Studio album by Metal Church
- Released: September 23, 2008
- Studio: The English Channel Studio (Olympia, Washington)
- Genre: Heavy metal; thrash metal;
- Length: 57:21
- Label: SPV/Steamhammer
- Producer: Kurdt Vanderhoof

Metal Church chronology
| A Light in the Dark (2006) | This Present Wasteland (2008) | Generation Nothing (2013) |

= This Present Wasteland =

This Present Wasteland is the ninth studio album by American heavy metal band Metal Church. The album was released in the US on September 23, 2008, and in Europe on September 26. This is the first album to feature guitarist Rick Van Zandt.

This Present Wasteland sold about 920 copies in the US in the week following its release. This was their last album before their second breakup from July 2009 to October 2012.

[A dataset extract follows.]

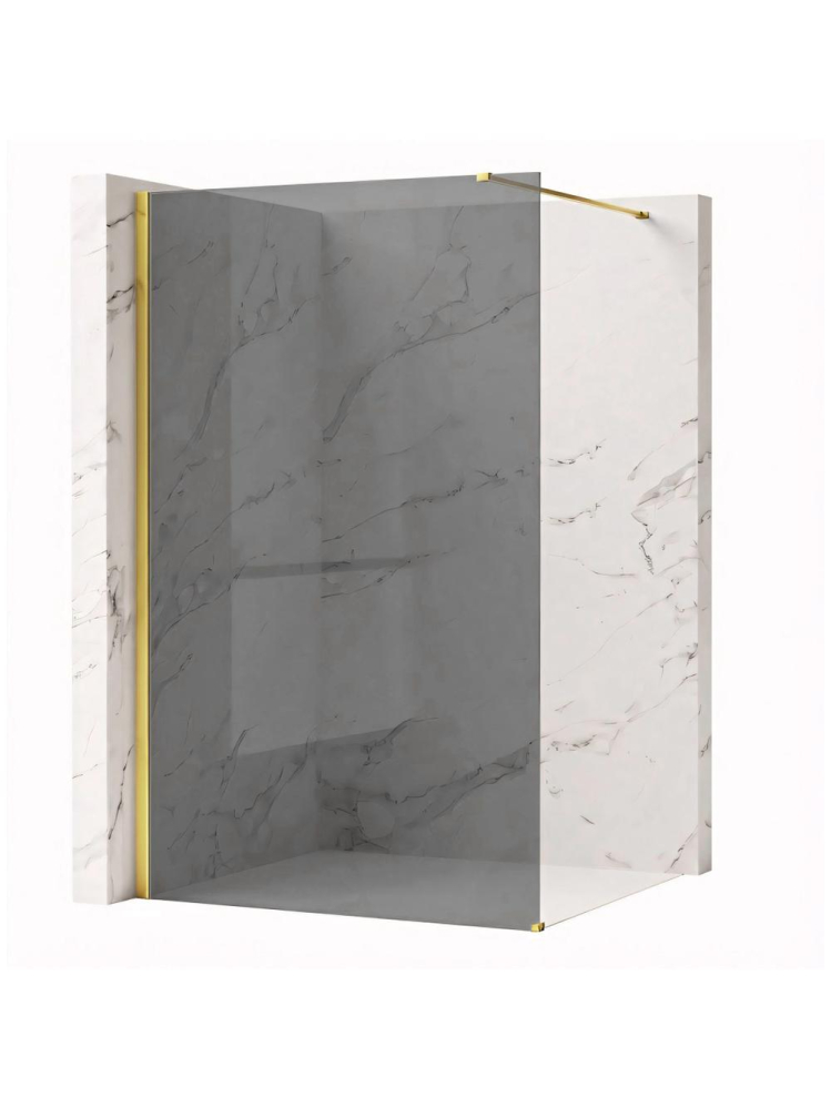 Beneficiile peretelui de duș includ sticlă securizată de 8 mm (Gri) care oferă rezistență și intimitate, profil din aluminiu Auriu Lucios ce adaugă un aspect spectaculos și strălucitor, strat Easy Clean care facilitează curățarea și menținerea curată a suprafeței, bară de susținere reglabilă pentru o fixare precisă și confortabilă, montaj universal ce permite configurarea pe dreapta sau pe stânga și construcție walk-in fără uși sau praguri pentru o intrare deschisă și ușor accesibilă.

The album cover was chosen from contest entries submitted on Myspace.

==Reception==

AllMusic reviewer Alex Henderson stated that, while the album was not "essential", it was "a solid and well-executed effort" by the band, singling out "Breathe Again", "Monster", "A War Never Won" and "Company of Sorrow" in particular as standout tracks on the album. Metal Storm reviewer found the album solid and "extremely pleasant but not sensational", because Metal Church did not "take any risk with this new release" and kept the songs "really simple and not original." Exclaim! reviewer Keith Carman praised Ronny Munroe's performance which he compared to Bruce Dickinson's, but found the music old-fashioned and "mired in more crooning, stock riffs and mid-tempo beats than anything truly engaging", concluding that "This Present Wasteland is a fitting moniker for a band living off nostalgia more than current ability." Rock Hard reviewer called the current line-up "only a shadow of the aggressive quintet of the past" and remarked the scarce originality of the compositions and the pessimistic mood of the album.

Professional ratings
Review scores
| Source | Rating |
| AllMusic | Star Half star |
| Metal Storm | 7.5/10 |
| Rock Hard | 6/10 |

== Track listing ==

| No. | Title | Length |
|---|---|---|
| 1. | "The Company of Sorrow" | 6:37 |
| 2. | "The Perfect Crime" | 4:37 |
| 3. | "Deeds of a Dead Soul" | 8:27 |
| 4. | "Meet Your Maker" | 5:35 |
| 5. | "Monster" | 6:25 |
| 6. | "Crawling to Extinction" | 4:11 |
| 7. | "A War Never Won" | 5:33 |
| 8. | "Mass Hysteria" | 4:41 |
| 9. | "Breathe Again" | 5:23 |
| 10. | "Congregation" | 5:52 |

==Personnel==
- Metal Church
- Ronny Munroe – lead vocals
- Rick Van Zandt – lead guitar
- Kurdt Vanderhoof – rhythm guitar, Mellotron, Minimoog, producer, engineer, mixing
- Steve Unger – bass, backing vocals
- Jeff Plate – drums, percussion

- Guest musicians
- Angus Clark – guitar solo on "Monster"
- Chris Caffery – guitar solo on "Mass Hysteria"
- Matt Leff – guitar solo on "Congregation"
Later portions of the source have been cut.